Ive had their internet for about 14 months - big selling point was no contract. Has been absolutely fine
Been with the broadband service for 4 years, happy to pay full price and stay with them now. Been a near faultless service in that time, occasional self channel changes on the router if speed has dropped. Never experienced throttling of any sort, a constant 74 Mbps Steady signal for streaming purposes,. No threatening letters, no matter how much you download. ,
The contention on their service is abysmal. We were getting less than 2mbps in the evenings, then as soon as I switch on a VPN it would jump to 20mbps, so clearly they are packet scanning and also in contravention to EU net neutrality rules. Customer service is terrible too. We had to write to the CEO before any visible action was taken, and finally after 9 weeks they removed their service from our line and refunded us. In the mean time we were not able to order any other service from another company. They blame BT Openreach for everything, are accountable for nothing. If you do any kind of home working you can expect to have to buy yourself a mobile broadband dongle as upload speeds of less than 1mbps as a matter of routine will force you back into the office in no time. Do yourself a favour and read online reviews, then stay away. You're welcome.

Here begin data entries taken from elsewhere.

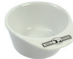
Rasiertasse Porzellan, weiß shaving mug porcelain, white leer | empty Ø 9,5cm
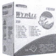
8355 - WYPALL* X50 Cloths - Pop-up box / White

Kimberly-Clark Professional* branded products are only manufactured to authorized specifications. It is our policy to design, manufacture and deliver products which meet our specifications for quality, performance and safety.
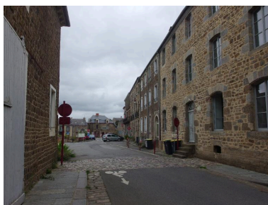
Entrée sud de la place IVR53_20253510123NUCA
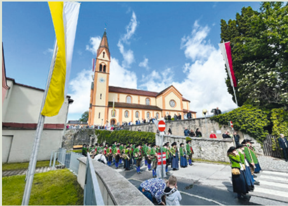
Pfarrbesuch in Telfs

The same was said last year for closure early 2019, then NPower merger then they scrapped that. It’s floating a subsidiary that it will most probably be the majority shareholder in, tax advantages to that as well as holding a separate board to account, it’s all a farce really. Two SSE companies now need to make profit lol they are dependent on each other esp in the SSE Distribution for north Scotland, this is about shifting blame and making that person accountable, doubtful they will sell off North Scotland retail if they eventually sell this new energy retail division off. They will want the cream, sell the rest where it doesn’t have Distribution rights. Frankly it’s all nonsense, a proper Chief Exec would be running the company correctly, not fragmenting it, it’s got massive assets in Distribution in the U.K. and if you can’t make good profit out that you as CE are out your comfort zone on capability. Simplicity is if you hike above RPI customers will leave. 10% hike (lol) that was always going to lose money when you are trying to gain it and market share. Ofgem caps raised, “unsustainable business models” means wants hundreds of percent profit, not a fair deal for a non obligatory utility service, you can go without gas but not electricity. I mean just look at what Ireland done with broadband over electricity, look at SSE selling consumers broadband (excited) There is money in enterprise telecom customers, little in reselling BT Openreach when you pay for the external marketing. Now it’s almost giving fibre broadband away to tie people into its higher rates utility products (lol) The companies a strong company with assets and a absolute poor one in leadership pool. Their plans ?? Reminds me when Alldays was the subsidiary of Watson & Philip Wholesalers, one company had to go bankrupt for the other to profit, the wholesale to retail margins were tiny, Co-op got a good shop footprint out of that at least, with utility customers just move to another, there’s nothing for a bankruptcy administrator to sell of real value with SSE Retail Energy, so are SSE trying to offhive energy retail staff costs and pensions because it certainly seems that way, if it goes under well SSE save a lot of money and start afresh cheap. Expect a new branding/merger then with no reference to SSE, can’t have the parent brand damaged by how they are going to liquidate high wages/pensions in it call centre admin.